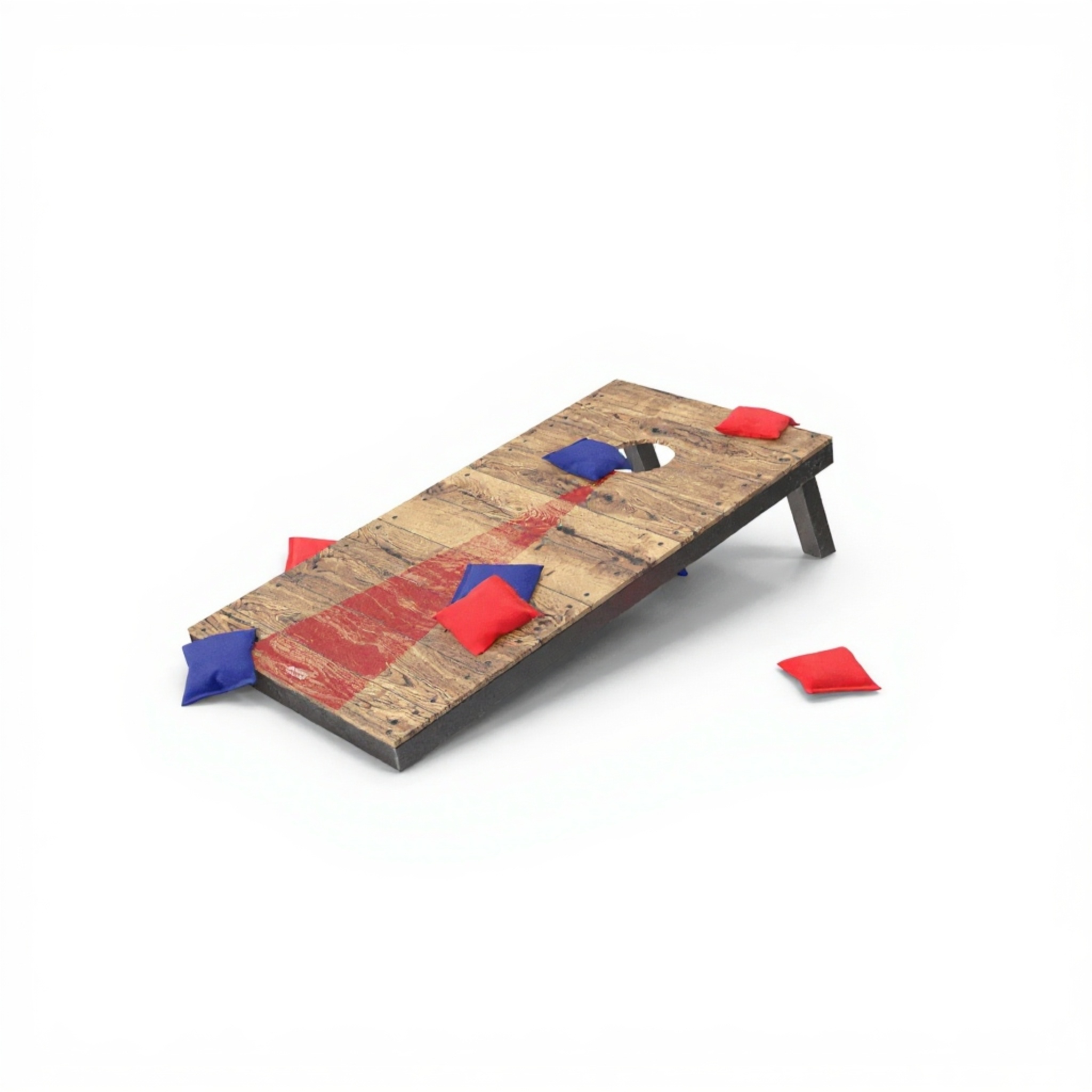 Un jeu de pétanque à l’américaine. Jetez les sacs dans le trou pour emporter un maximum de points !
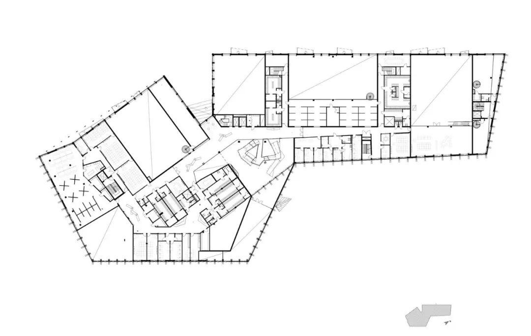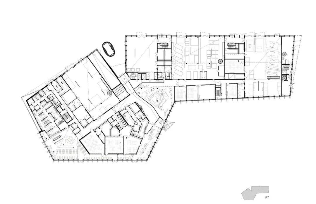 當路人經過這所學校,會感覺到一種變幻和韻律,從某個角度看過去,學校呈現堅固結實的樣貌,從別的角度看去,變得十分通透;學生、教職員和訪客可經由一座黃銅飾面的入口,進入學校的核心空間。
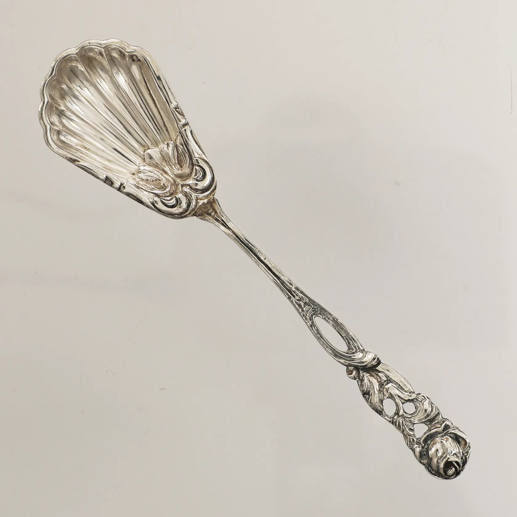Sockersked, floral dekor, längd 12cm, silver 830/1000 Vikt: 10,9 g.
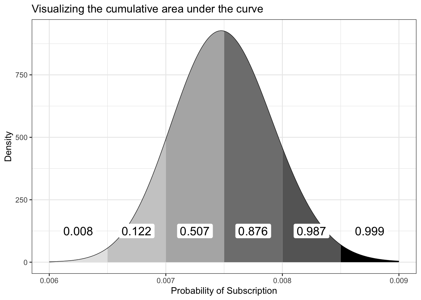 x_lower<-seq(0.006, 0.0085, 0.0005)x_upper<-seq(0.0065, 0.009, 0.0005)text_pos<-seq(0.00625, 0.00875, 0.0005)colors<-c("gray90", "gray80", "gray70", "gray50", "gray40", "black")df_13_2<-tibble::tibble(x =seq(0.006, 0.009, length.out =6000), y =dbeta(x, 300, 39700))ggplot2::ggplot(df_13_2, ggplot2::aes(x =x, y =y))+ggplot2::geom_line()+ggplot2::geom_area(data =df_13_2|>dplyr::filter(x>=x_lower[1]&x<x_upper[1]), fill =colors[1])+ggplot2::annotate(geom ="label", x =text_pos[1], size =5, y =125, color ="black", fill ="white", label.size =NA, label =round(integrate(function(x)dbeta(x, 300, 39700), x_lower[1], x_upper[1])[["value"]], 3))+ggplot2::geom_area(data =df_13_2|>dplyr::filter(x>=x_lower[2]&x<x_upper[2]), fill =colors[2])+ggplot2::annotate(geom ="label", x =text_pos[2], size =5, y =125, color ="black", fill ="white", label.size =NA, label =round(integrate(function(x)dbeta(x, 300, 39700), x_lower[1], x_upper[2])[["value"]], 3))+ggplot2::geom_area(data =df_13_2|>dplyr::filter(x>=x_lower[3]&x<x_upper[3]), fill =colors[3])+ggplot2::annotate(geom ="label", x =text_pos[3], size =5, y =125, color ="black", fill ="white", label.size =NA, label =round(integrate(function(x)dbeta(x, 300, 39700), x_lower[1], x_upper[3])[["value"]], 3))+ggplot2::geom_area(data =df_13_2|>dplyr::filter(x>=x_lower[4]&x<x_upper[4]), fill =colors[4])+ggplot2::annotate(geom ="label", x =text_pos[4], size =5, y =125, color ="black", fill ="white", label.size =NA, label =round(integrate(function(x)dbeta(x, 300, 39700), x_lower[1], x_upper[4])[["value"]], 3))+ggplot2::geom_area(data =df_13_2|>dplyr::filter(x>=x_lower[5]&x<x_upper[5]), fill =colors[5])+ggplot2::annotate("label", x =text_pos[5], size =5, y =125, color ="black", fill ="white", label.size =NA, label =round(integrate(function(x)dbeta(x, 300, 39700), x_lower[1], x_upper[5])[["value"]], 3))+ggplot2::geom_area(data =df_13_2|>dplyr::filter(x>=x_lower[6]&x<x_upper[6]), fill =colors[6])+ggplot2::annotate(geom ="label", x =text_pos[6], size =5, y =125, color ="black", fill ="white", label.size =NA, label =round(integrate(function(x)dbeta(x, 300, 39700), x_lower[1], x_upper[6])[["value"]], 3))+ggplot2::theme_bw()+ggplot2::labs( title ="Visualizing the cumulative area under the curve", x ="Probability of Subscription", y ="Density")
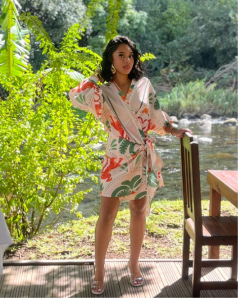 🌸 Imprimé : Un imprimé qui mélange à la fois nature tropicale et fantaisie colorée, parfait pour un look estival, bohème et original
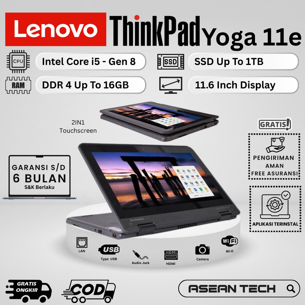 Lenovo Thinkpad Yoga 11e Core i5 Gen 8 8GB SSD 256GB Touchscreen Laptop Second Bergaransi
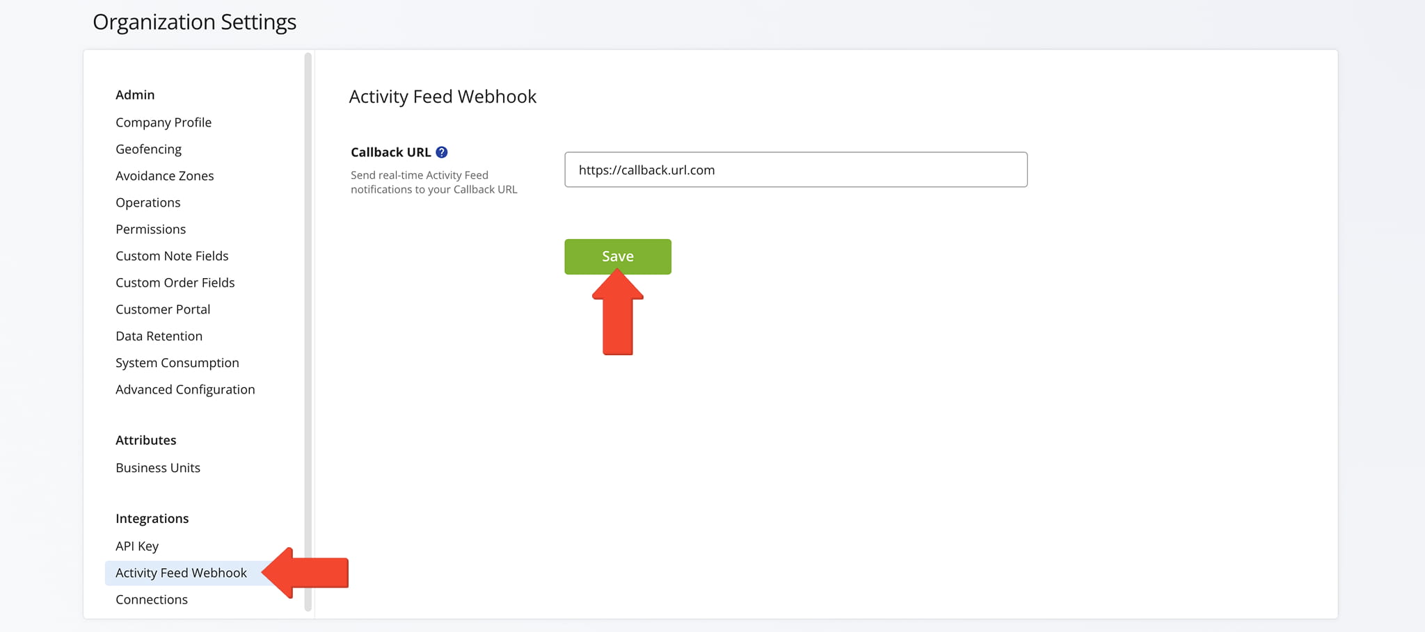 To set up webhooks, go to “Settings” > “Organization Settings” from the Navigation Menu, and select “Activity Feed Webhook” under “Integrations“. Input your webhook URL (postback URL) into the “Callback URL” field and click “Save” to finalize.
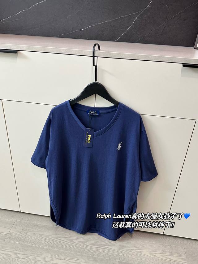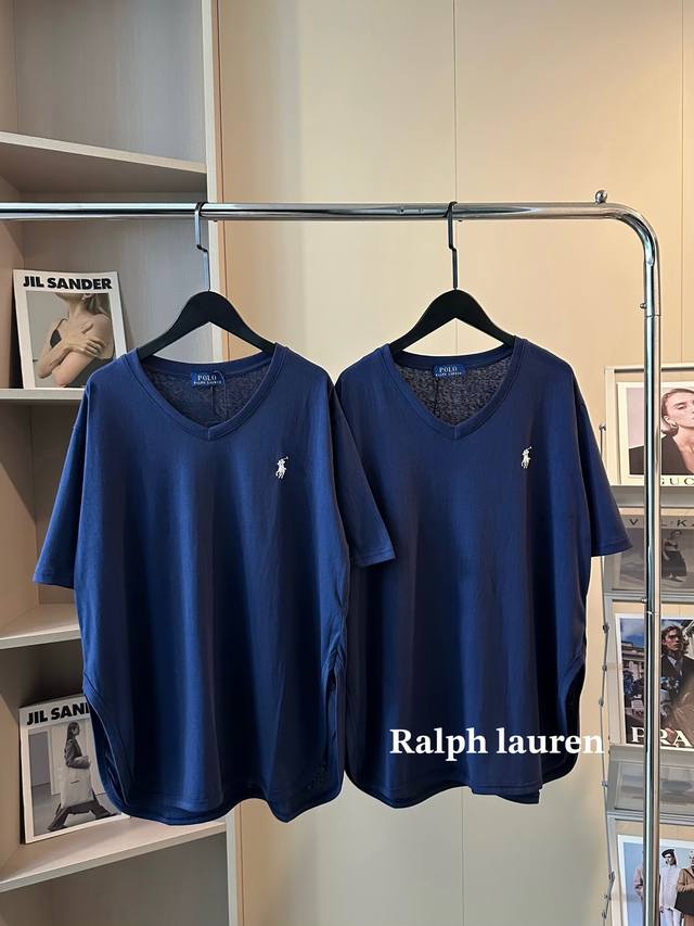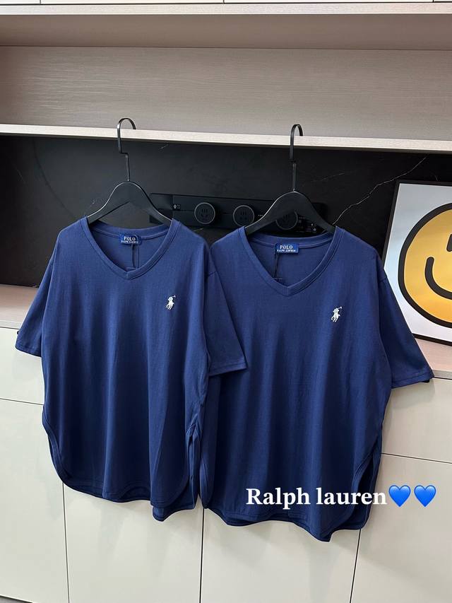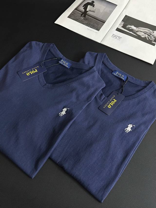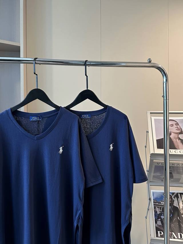 New arrival Ralph Lauren pony embroidered logo navy blue V-neck short-sleeved T-
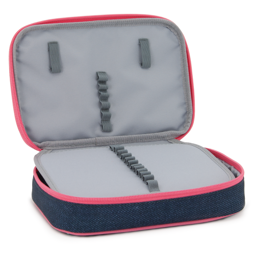 Többszintes, töltetlen, cipzáras tolltartó. Belül textillel bevont merev lapokkal, gumis kialakítással 30 ceruza számára az írószerek tárolásához és egy cipzáras belső zsebbel.
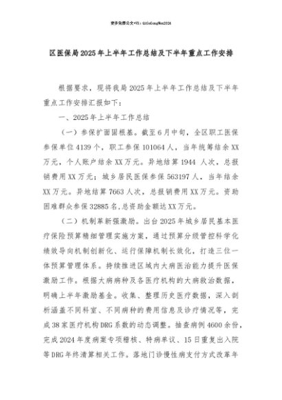 【七哥公文】2025年:【七哥公文】区医保局2025年上半年工作总结及下半年重点工作安排+更多免费公文+VX:QiGeGongWen2024+更多免费公文+VX:QiGeGongWen2024

++++++++

### Try it
Take the line with "bohème et original" and every line after it through the end of the data, and write only them out exactly, leaving out the pictures.

### Result
 🌸 Imprimé : Un imprimé qui mélange à la fois nature tropicale et fantaisie colorée, parfait pour un look estival, bohème et original
 Lenovo Thinkpad Yoga 11e Core i5 Gen 8 8GB SSD 256GB Touchscreen Laptop Second Bergaransi
 To set up webhooks, go to “Settings” > “Organization Settings” from the Navigation Menu, and select “Activity Feed Webhook” under “Integrations“. Input your webhook URL (postback URL) into the “Callback URL” field and click “Save” to finalize.
 New arrival Ralph Lauren pony embroidered logo navy blue V-neck short-sleeved T-
 Többszintes, töltetlen, cipzáras tolltartó. Belül textillel bevont merev lapokkal, gumis kialakítással 30 ceruza számára az írószerek tárolásához és egy cipzáras belső zsebbel.
 【七哥公文】2025年:【七哥公文】区医保局2025年上半年工作总结及下半年重点工作安排+更多免费公文+VX:QiGeGongWen2024+更多免费公文+VX:QiGeGongWen2024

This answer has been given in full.